Yesterday I learned AC Automation, I feel a little touched. Write down that there is a reference for the same problems I encounter in the future.
AC Automation is suitable for multi-pattern string matching problem. The main feature of its algorithm is that it can get all the answers by walking the parent string only once. It is an offline algorithm.The core of the algorithm is to transform the dictionary tree. Individually, AC automaton belongs to a kind of data structure. Dictionary tree is edged by the relationship between prefix and suffix between the same pattern string and different pattern strings to achieve the purpose of traversing the parent string without duplication. The disadvantage is the same as the number of dictionaries. It is easy to cause too large data.Memory overflow.
That's what I think about algorithms, and here's what I think about code
void insert(string a) { int u=0; for(int i=0;i<a.size();i++) { int v=a[i]-'a'; if(!tree[u][v]) tree[u][v]=++cnt; u=tree[u][v]; } book[u]++; }
Simple dictionary tree insertion, not to mention much;
void getfail() { queue<int> que; for(int i=0;i<26;i++) if(tree[0][i]) que.push(tree[0][i]); while(!que.empty()) { int now=que.front(); que.pop(); for(int i=0;i<26;i++) { if(tree[now][i]) { fail[tree[now][i]]=tree[fail[now]][i]; que.push(tree[now][i]); } else tree[now][i]=tree[fail[now]][i]; } } }
I think the essence of this operation is
tree[now][i]=tree[fail[now]][i];
If the fail array has a virtual edge, this establishes a real edge, paving the way for the state transition.This step also turns the dictionary tree into a dictionary diagram, which may be looped.

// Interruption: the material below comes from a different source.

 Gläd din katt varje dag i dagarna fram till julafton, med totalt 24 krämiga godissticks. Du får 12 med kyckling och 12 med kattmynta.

int getans(string a) { int ans=0; int now=0; for(int i=0;i<a.size();i++) { now=tree[now][a[i]-'a']; for(int j=now;j&&book[j]!=-1;j=fail[j]) { ans+=book[j]; book[j]=-1; } } return ans; }
The operation to get the answer: the now pointer points to where you are currently. From this function, it is also clear that the tree array is used for state transition, and the fail array is only used to expand the answer, without affecting the current state.

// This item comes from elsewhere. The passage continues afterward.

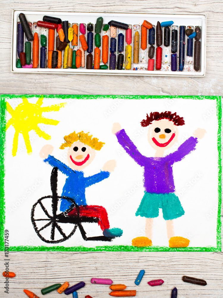 Photo of colorful drawing: Smiling boy sitting on his wheelchair. Disabled boy with a friend
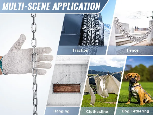 Deze gegalvaniseerde spiraalketting is ideaal voor allerlei taken: of het nu gaat om het slepen, ophangen, drogen van kleding of het vastzetten van huisdieren, hij klaart de klus. Het is een geweldige keuze voor buitenavonturen, thuisprojecten en meer.

Here is the complete code. It is important to note that in general AC automata take ten card time, string, cincout is best not to use even if iOS is added:: sync_with_stdio (false) may also time out (something).

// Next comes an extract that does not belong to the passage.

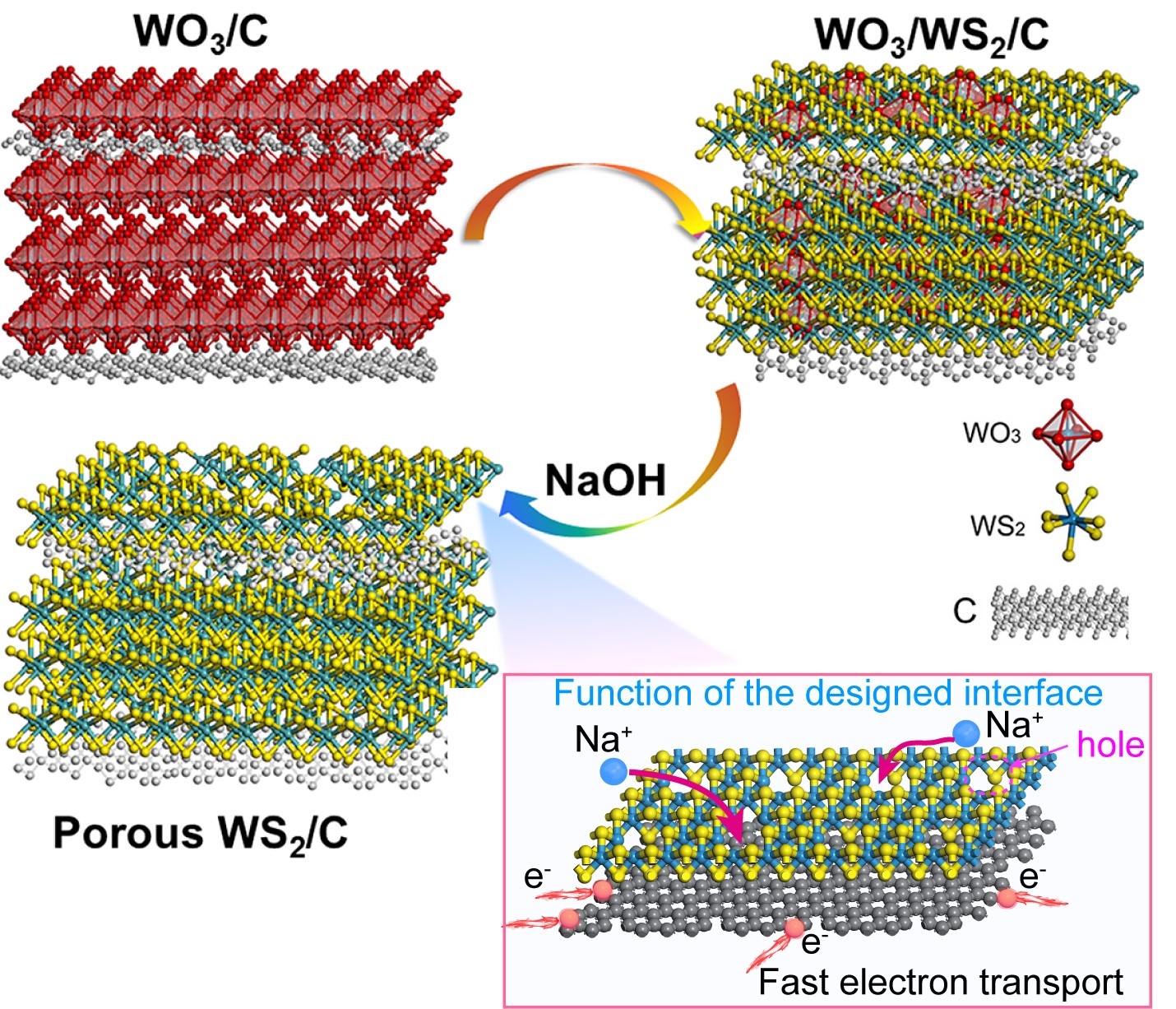 随着锂资源价格的不断攀升,供应安全的凸显,促使下游寻找技术替代品,钠离子电池由于资源储量丰富、地理分布均匀、成本低廉,成为锂离子电池的有力补充。开发高性能的储钠材料是钠离子电池得以实际应用的关键。WS2具有合适的层间距与较高的理论比容量,应用于钠离子电池具有广阔的前景。然而,其低的电子导电性,以及在充放电过程中WS2片层相互聚集导致电极材料体积变化与微结构的破坏制约了其大规模应用。

#include <iostream> #include <cstring> #include <queue> #define MAX 1000010 using namespace std; int tree[MAX][26]; //Dictionary Tree int book[MAX]; //Tag Array int fail[MAX]; //Add (virtual) edge array int cnt; void init() { cnt=0; memset(fail,0,sizeof(fail)); memset(book,0,sizeof(book)); memset(tree,0,sizeof(tree)); } void insert(string a) { int u=0; for(int i=0;i<a.size();i++) { int v=a[i]-'a'; if(!tree[u][v]) tree[u][v]=++cnt; u=tree[u][v]; } book[u]++; } void getfail() { queue<int> que; for(int i=0;i<26;i++) if(tree[0][i]) que.push(tree[0][i]); while(!que.empty()) { int now=que.front(); que.pop(); for(int i=0;i<26;i++) { if(tree[now][i]) { fail[tree[now][i]]=tree[fail[now]][i]; que.push(tree[now][i]); } else tree[now][i]=tree[fail[now]][i]; } } } int getans(string a) { int ans=0; int now=0; for(int i=0;i<a.size();i++) { now=tree[now][a[i]-'a']; for(int j=now;j&&book[j]!=-1;j=fail[j]) { ans+=book[j]; book[j]=-1; } } return ans; } int main() { init(); string a; while(cin>>a,a!="end") insert(a); cin>>a; fail[0]=0; getfail(); cout<<getans(a); return 0; }
It is a very important ability to use data structure actively. The precondition is to master the principle of data structure construction and the functions of its members.
There's still a long way to go. Go on!